Let the robotparser in

By Filip Salo; published on May 17, 2006.

I'm writing a little web-crawling robot thingie, and I wanted to Be Good and support robots.txt. So I pulled robotparser out of the standard library hat:

>>> import robotparser
>>> rp = robotparser.RobotFileParser()
>>> rp.set_url("http://en.wikipedia.org/robots.txt")
>>> rp.read()
>>> rp.can_fetch("*", "http://en.wikipedia.org/wiki/Main_Page")
False

Hey, that's weird. Wikipedia is one of the sites I might want to crawl; I've looked at their robots.txt, and I should be allowed access to the main page. I tried with my specific user agent, just to be sure:

>>> rp.can_fetch("Creole/0.1a", http://en.wikipedia.org/wiki/Main_Page")
False

Still no luck. So what's going on? Next step: look at the parsed entries:

>>> rp.entries
[]

Aha! So something went absolutely boo-boo, and we ended up with no rule entries. If there is no robots.txt file, can_fetch will always return True, so there error must occur while fetching the file from the server. Fortunately, in such cases, the RobotFileParser makes the error code available as an attribute, so I could simply have a look at that:

>>> rp.errcode
403

Now I was getting somewhere. In HTTP, 403 means "Forbidden". The server refuses to serve me the file I requested, for whatever reason.

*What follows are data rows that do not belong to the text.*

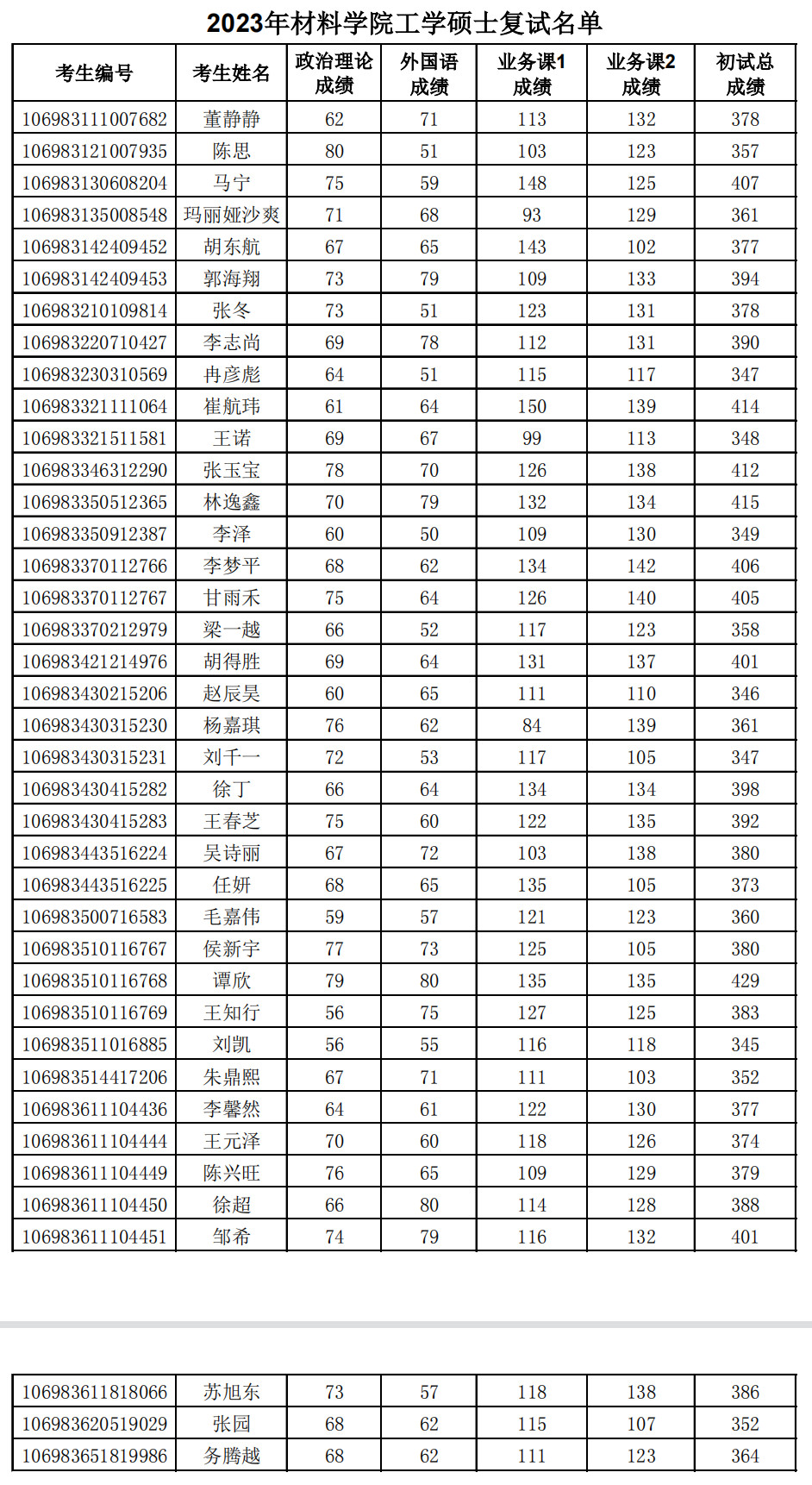 西交堂考研:2023年西安交通大学材料科学与工程学院硕士研究生复试名单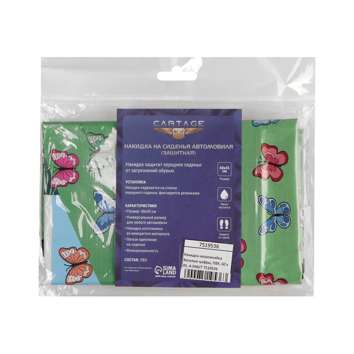 Накидка на сиденье автомобильное Cartage Веселые цифры, ПВХ, 60×45 см, европодвес — Характеристики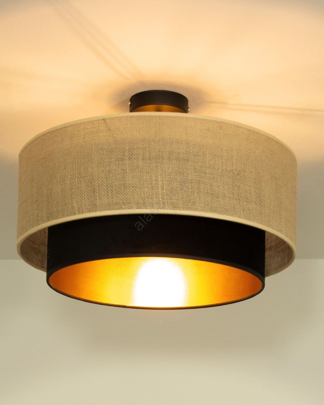 SARTA Flush-Mount Ceiling Light 1xE27/60W/230V Ø 45 cm Black/Jute characterizes nice and functional design.  A bulb with E27 cap is suitable for the light. Here, you can buy other bulbs at advantageous prices. You will have an interesting addtiion to your home.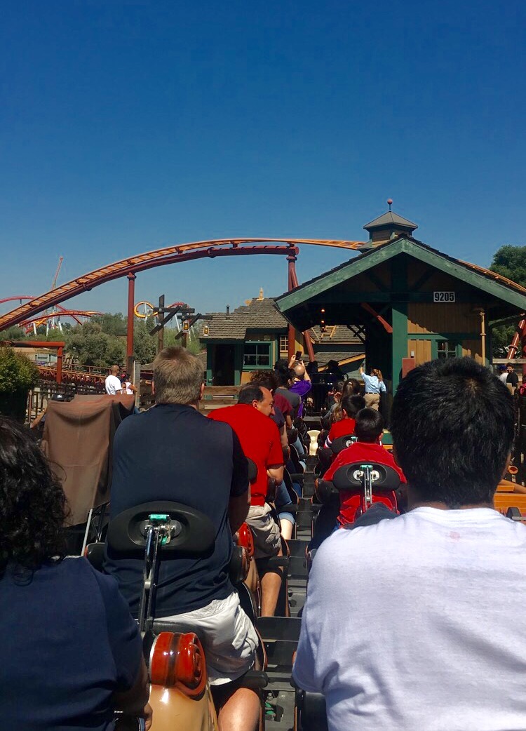 We arrived at the park around 11 am, about an hour after opening. The crowds weren’t terrible, but they were more than we expected for a Thursday. As soon as we entered the gates, we ran right to the entrance of Ghost Rider, the GCI Wooden Coaster.

The robot parser by default fetches robots.txt using the default "Python-urllib" user agent string. Wikipedia seems to explicitly deny all access to such user agents (which is probably somewhat sensible). Thereby the 403 Forbidden. So I needed the robot parser to use my user agent string.

As a first solution, I simply fetched the robots.txt file myself, and fed it to robotparsers parse method:

>>> import urllib2
>>> headers = {"User-Agent": "Creole/0.1a"}
>>> request = urllib2.Request("http://en.wikipedia.org/robots.txt",
...                           headers=headers)
>>> response = urllib2.urlopen(request)
>>> rp = robotparser.RobotFileParser()
>>> rp.parse(response.readlines())
>>> rp.can_fetch("*", "http://en.wikipedia.org/wiki/Main_Page")
True

Success! But, in a more generic setting (fetching from any site), I would have to add error handling. Being a lazy bum, I didn't like the thought of that, so I poked around a bit in robotparser.py to see if there was another way. And sure enough, robotparser uses a urllib.FancyURLopener. URLopeners have a version attribute that you can override. So the final recipe became:

>>> import robotparser
>>> robotparser.URLopener.version = "Creole/0.1a"
>>> rp = robotparser.RobotFileParser()
>>> rp.set_url("http://en.wikipedia.org/robots.txt")
>>> rp.read()
>>> rp.can_fetch("*", "http://en.wikipedia.org/wiki/Main_Page")
True

Now why didn't I think of that from the beginning?